Chapters I and II deal with crimes against sexual freedom, exposure of sexual intimacy and sexual crime against vulnerable people. Being, therefore, an “unconditional public action”, Article 385 of the Code of Criminal Procedure allows a judge to condemn the defendant, even if the Public Ministry has an opposite opinion. The text says:
“In public action crimes, the judge may issue a condemnatory sentence, even though the Public Ministry has opted for the acquittal, as well as recognizing aggravating factors, although none has been alleged.

It happens, my friends, that, in this case, the Public Prosecutor’s Office ruled out the victim’s condition of “vulnerable”. And the judge says he did not see elements in the file that convinced him otherwise.

Note that, until now, I have made an exhibition that I call the case’s technique. One woman says she was raped; the accused denies the rape; the prosecuting body sees no evidence of the alleged crime, and the judge acquits him. I don’t even go into the merit, although, read the report, there are elements that seem out of place. Initially, for example, Aranha denied that he knew Mariana. And, as is evident, he knew very well.

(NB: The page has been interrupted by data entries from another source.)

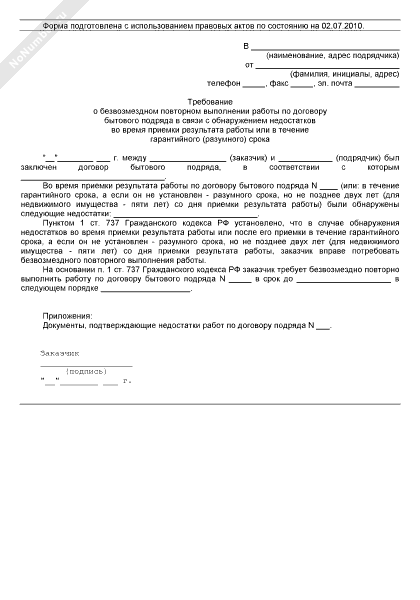 - 1220Требование заказчика о безвозмездном устранении подрядчиком за пределами установленного срока существенных недостатков результата работы по договору бытового подряда, возникших до принятия результата работы заказчиком или по причинам, возникшим до этого момента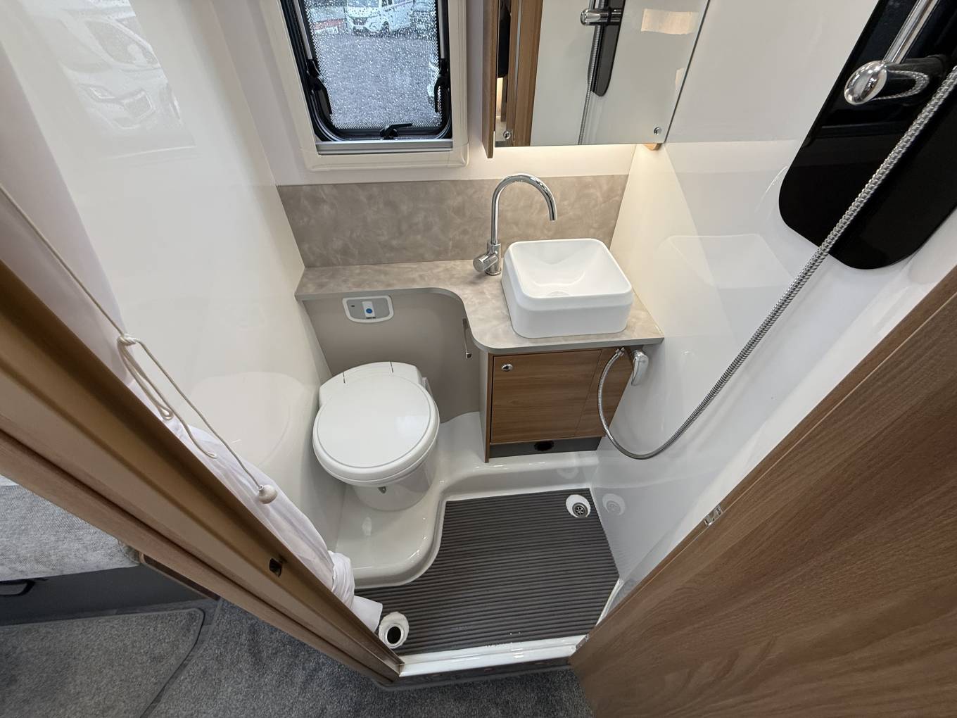 Additions to the motorhome is a Visionplus digital aerial, a powerful solar panel, concertina cab surround blinds and reversing camera. There is access from either side to a useful large locker running across the entire width of the motorhome at the rear.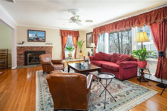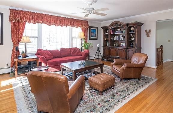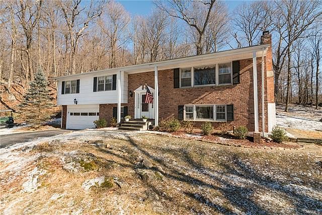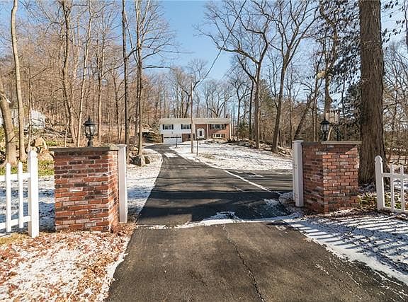 Solid construction! This well-built brick and shingle home with pillared front and white picket fence is set back from the road on almost 2 acres of wooded land and offers useable land and privacy. The home offers 2 gas fireplaces, main level central air, living room w/ picture windows, dining room w/sliding glass doors opening to a large deck and an updated Bilotta kitchen. Main level master bedroom w/ ensuite bath and steam shower, 2 additional bedrooms and updated hall bath. Lower level has family room w/ fireplace and door out, media room w/ 2 storage closets, laundry and hall bath. Above ground oil tank, electric dog fence, rear storage shed, basketball hoop, & ceiling fans throughout make this a tremendous value. Move-in condition, ideally situated near schools, town and train. Priced to sell!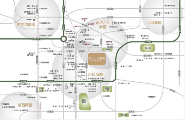 商圈叠加 主城荣耀满配關项目周边乐松、香坊万达、博物馆远大等商圈环伺,形成15分钟都市生活圈。风华中小学、九中等名校汇聚,植物园、劳动公园、中国亭园等绿意环绕;省医院、医大一院、市五院等三甲医院护航。国际会城市优质圈层,为优越生活增添砝码。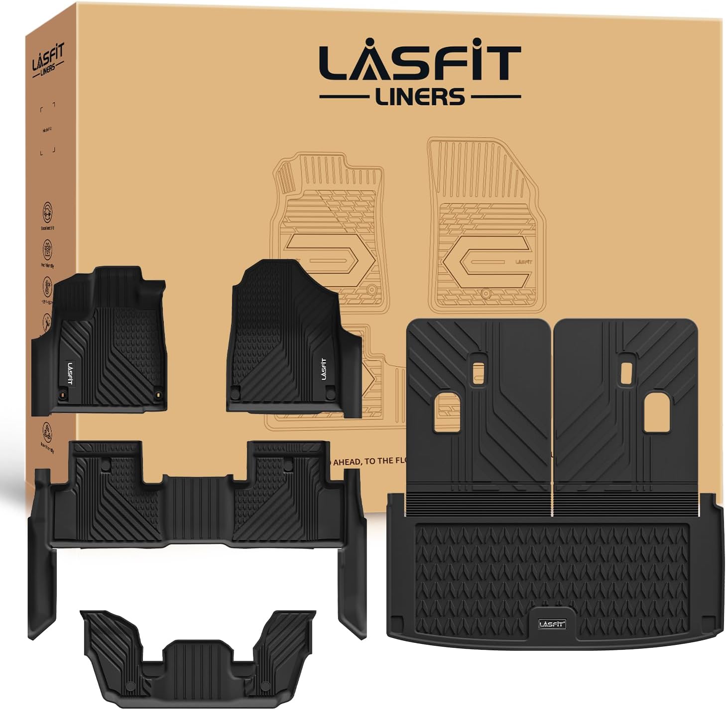 LASFIT Floor Mats & Trunk Mat & Backrest Mats for Acura Mdx 2022-2026 Cargo Mat All Weather TPE Mats Custom Fit Floor Liner for Mdx 1st & 2nd & 3rd Row Car Mats & Cargo Liner, Black, Easy to Clean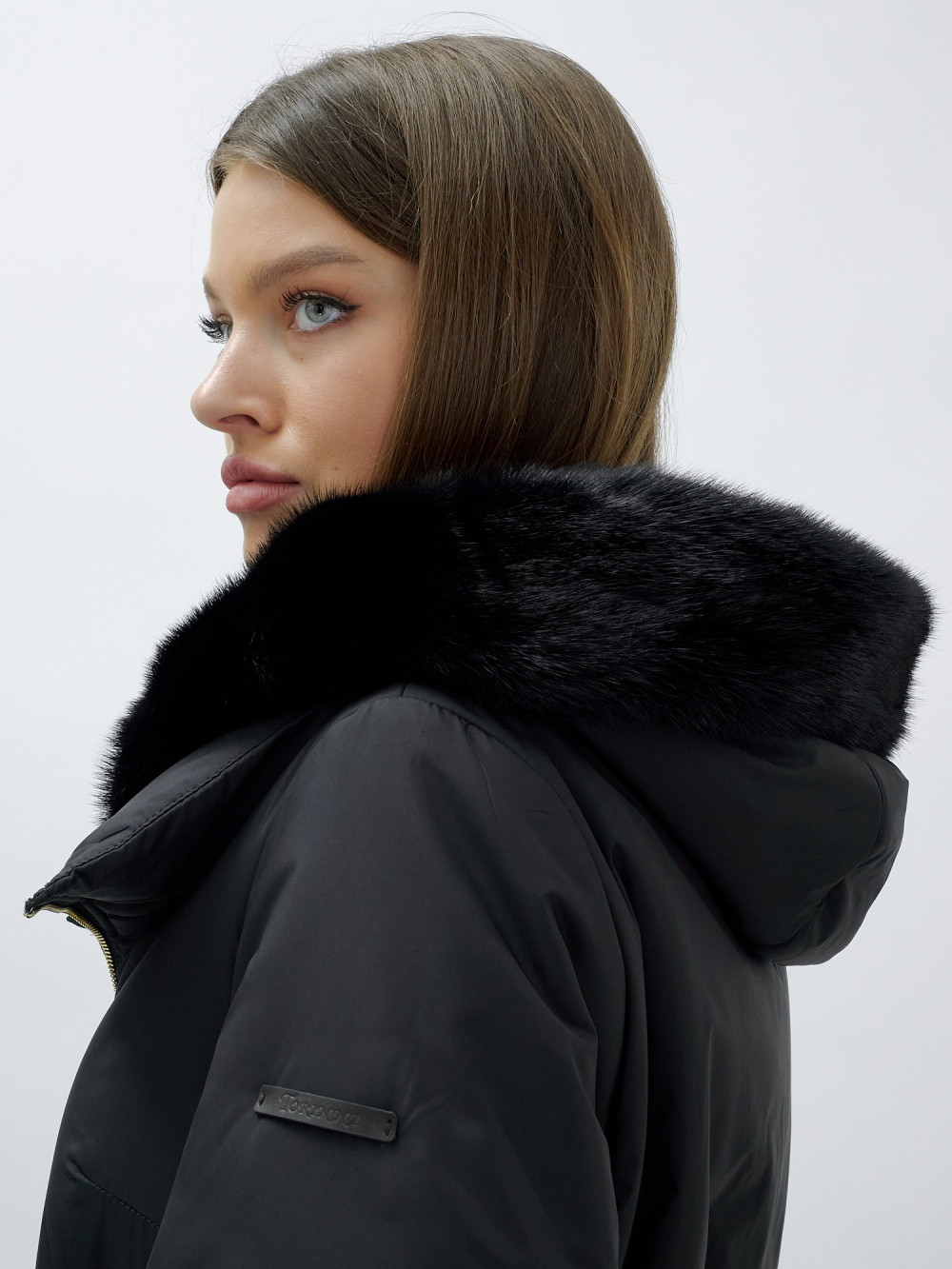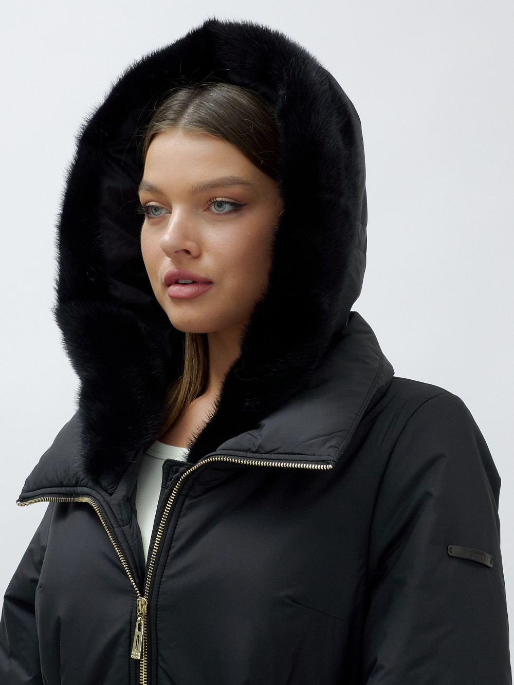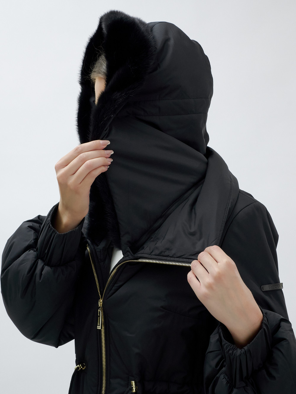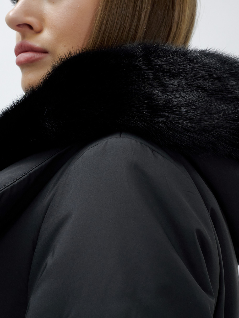 — Съемный капюшон на молнии: Практичное решение для изменения образа и защиты от непогоды. Капюшон украшен несъемным натуральным мехом норки, добавляя нотку роскоши.

The National Council of Justice and the National Council of the Public Prosecution decided to investigate the case. Let them do it. It seems fair and necessary. I never proceed as a judge. I always debate the issue when it seems to me that due process of law or the rule of law may have been downgraded.

Aranha appointed Cláudio Gastão da Rosa Filho as his lawyer. It’s a medallion. As professionals in the field know, few journalists defend the category as much as I do. But, obviously, I will not be silent in the face of what is unworthy.